- North American cover art
- Developer: Virgin Games
- Publisher: Virgin Games
- Producer: David Luehmann
- Designer: David Bishop
- Programmer: David Perry
- Artists: Mike Dietz; Christian Laursen;
- Composer: Tommy Tallarico
- Platforms: Sega Genesis, Master System, Game Gear, Amiga
- Release: NA: November 1992; EU: April 1993;
- Genre: Platform
- Mode: Single-player

= Global Gladiators =

1992 video game

Global Gladiators is a 1992 platform game developed by Virgin Games, originally programmed by David Perry for the Sega Genesis and eventually ported by other Virgin Games teams in Europe to the Master System, Game Gear, and Amiga. The game is based on the McDonald's fast food chain and has a strong environmentalist message. The game is a spiritual successor to the NES game M.C. Kids, another McDonald's-themed game that also featured Mick and Mack as its playable characters.

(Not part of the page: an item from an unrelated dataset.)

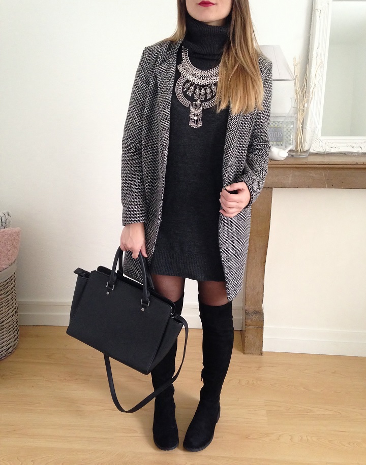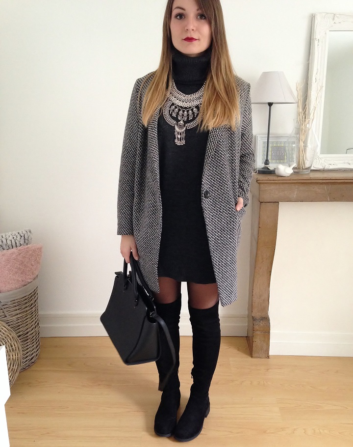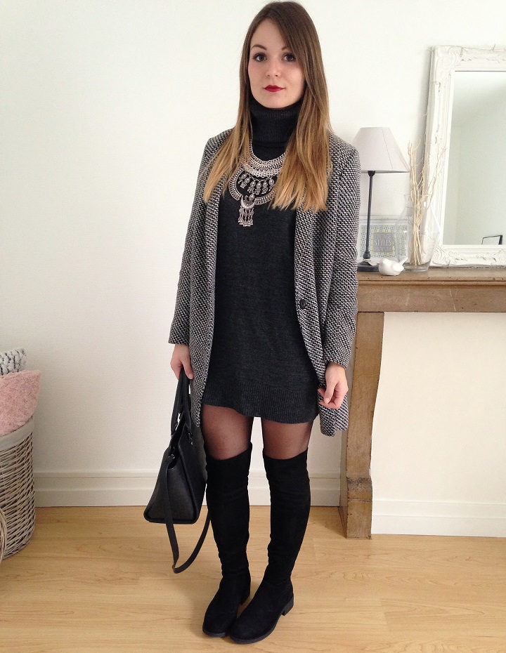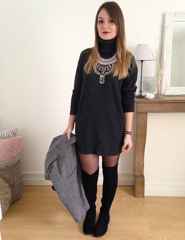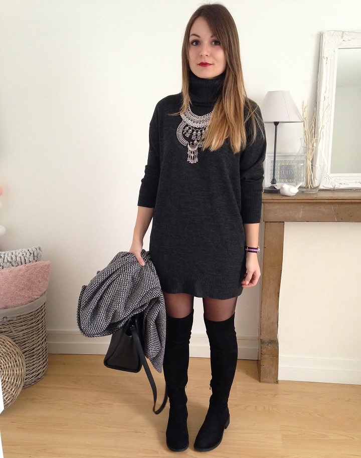 Robe pull et cuissardes font toujours bon ménage. J'ai trouvé la robe sur Asos et elle est parfaite pour l'hiver avec son joli col roulé.

==Development and release==
In 1992, Virgin Mastertronic, while expanding into the United States, entered a deal with McDonald's to publish a video game themed around its restaurants within six months. Virgin contacted Probe Software programmer David Perry and made a generous offer to hire him into their American development branch in Irvine, California; Virgin was convinced by Perry's work on The Terminator that he could quickly make a satisfactory game for the Sega Genesis. Virgin granted Perry an apartment overlooking Laguna Beach, which he remarked was "like living in Baywatch".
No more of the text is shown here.